How to generate CSV data in SQL
If you already have a database open, you can generate fake data directly. PostgreSQL example using generate_series:
COPY (
SELECT
gen_random_uuid() AS id,
(ARRAY['Ada','Linus','Grace','Alan'])[ceil(random()*4)] AS first_name,
(ARRAY['US','PT','DE','FR'])[ceil(random()*4)] AS country,
(CURRENT_DATE - (random() * 1000)::int) AS signup_date,
(random() * 1000)::numeric(10,2) AS amount
FROM generate_series(1, 10000)
) TO '/tmp/users.csv' WITH CSV HEADER;
Quick, but limited: no realistic names without a lookup table. The browser generator above and Faker handle that out of the box.

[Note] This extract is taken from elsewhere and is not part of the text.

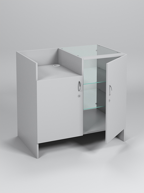 Прилавок предназначен для произведения расчетов с покупателями, состоит из двух секций: стеклянной с полками и глухой с нишей для расположения кассового аппарата. Прилавок также оснащен дверками из ЛДСП, которые закрываются на замок.

Why use realistic test data
Bad test data is a silent source of bias and false confidence. Common anti-patterns:
- Sequential garbage —
test1,test2,test3for names. Sorts alphabetically, has uniform length, and your UI’s wrapping behavior never gets exercised. - All-the-same — every email is
test@test.com. Your unique constraint never fires; your dedupe logic appears to work but doesn’t. - No edge cases — every name is 5 ASCII letters. The first time a real
MüllerorO'Brienshows up in production, your CSV exporter or SQL escaper breaks. - Identical timestamps — every row is created at the same instant, so your time-series chart looks like a single bar.
Realistic test data — varied lengths, mixed scripts (when you ask for them), proper unique values, and spread-out dates — surfaces these bugs before users do. The generator above gives you that variety by default; Faker gives you even more, including locale-specific edge cases (fa_IR, zh_CN, names with diacritics).
Common gotchas
Uniqueness isn’t guaranteed
The generator samples with replacement. With 10,000 rows and only 30 first names, you’ll see lots of duplicates — that’s by design (mimics real data) but can violate a UNIQUE constraint if you point it at the wrong column. UUIDs are effectively unique (collision probability ~0). For unique emails, add a counter: generate the email, then suffix +i per row in a script.
Referential integrity isn’t generated
Each column is independent. If you need orders.user_id to point at users.id, generate users.csv first, then in a small script build orders.csv by sampling user IDs. The generator can’t do this in-browser without a more elaborate UI — Faker (above) handles it cleanly.
Locale and character sets
The built-in name pool is Latin-script. If you’re testing CJK rendering, RTL layout, or emoji handling, switch to Faker with locale="ja_JP" / "ar_SA" / "zh_CN", or hand-edit a downloaded CSV.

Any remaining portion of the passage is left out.